HNA. HILDEGARDIS OSB - AZUCENA A. FRABOSCHI

 

Las Virtudes aparecen mencionadas por vez primera en Scivias 1, 1: “Pero del que se sentaba sobre la montaña [Dios] salieron multitud de centellas vivientes, que volaban alrededor de las imágenes con gran suavidad. Estas centellas son “las diversas y poderosísimas virtudes que vienen de Dios todopoderoso, rutilantes en la divina claridad”, las cuales “rodeándolos con su ayuda y su custodia, ardientemente abrazan y tranquilizan a quienes temen verdaderamente a Dios y fielmente aman el espíritu de pobreza”[1]. Es evidente que no se trata aquí de las virtudes naturales (hábito operativo bueno[2]): ni de las intelectuales (que perfeccionan al intelecto) –ya sea especulativas (intelecto, ciencia y sabiduría[3]) o bien prácticas (arte y prudencia[4])– ni de las morales (que disponen a la voluntad para actuar bien), las llamadas cardinales (prudencia, justicia, fortaleza y templanza[5]). Más bien podría tratarse de las virtudes sobrenaturales (como dones del Espíritu Santo que perfeccionan el obrar del alma a nivel sobrenatural), verdaderos poderes divinos entre los que las virtudes teologales: fe, esperanza y caridad, son las más mentadas.

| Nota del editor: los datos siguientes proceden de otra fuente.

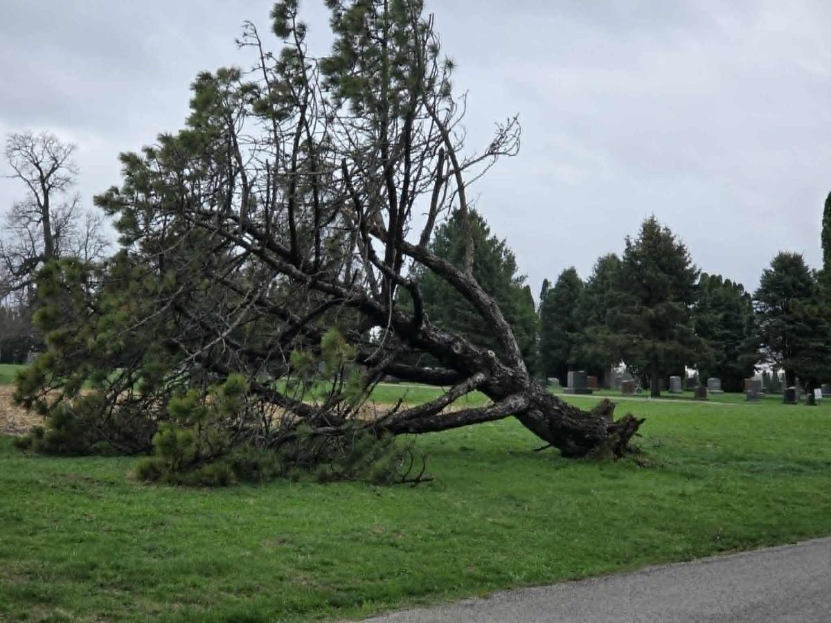 With all of the rain that we've had, it appears that this tree, next door to the Evergreen Cemetery, has some very wet feet and just couldn't stand in the soggy ground any longer, it lost its footing and toppled over. City crews were right on top of it and cleaned it up on Tuesday morning.
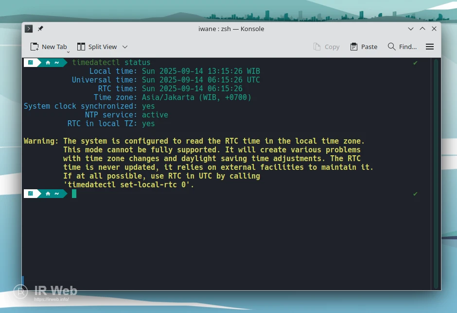Sekarang, perhatikan outputnya. Hasil yang benar akan menampilkan RTC in local TZ: yes. Ini menandakan konfigurasi Anda sudah berhasil dan Manjaro kini menggunakan waktu lokal, sama seperti Windows.

Las Virtudes se presentan a sí mismas en Scivias 3, 13, 9:

Nosotras las Virtudes en Dios estamos
y en Dios permanecemos;
al Rey de reyes servimos
y el mal del bien separamos.
Pues en la primera batalla aparecimos,
en ella nos elevamos victoriosas
mientras caía aquel que quiso volar
por encima de sí mismo.
Y así también ahora sirvamos
ayudando a quienes nos invocan
y pisoteando las artes diabólicas;
y a quienes han querido imitarnos
guiemos hacia las mansiones de la bienaventuranza.”[6]

Gunilla Iversen, en su trabajo “Ego Humilitas, regina Virtutum: Poetic Language and Literary Structure in Hildegard of Bingen’s Vision of the Virtues”[7], relaciona esta presentación con la que encontramos en El drama de las Virtudes y que viene a continuación de la exclamación de los Patriarcas y los Profetas: “¿Quiénes son éstas, que avanzan como las nubes?”[8], a lo que las Virtudes responden:

Oh antiguos santos, ¿por qué os admiráis de nosotras?
La Palabra de Dios resplandece en la figura humana
y por eso nosotras refulgimos con Él,
edificando los miembros de Su bello cuerpo.”[9]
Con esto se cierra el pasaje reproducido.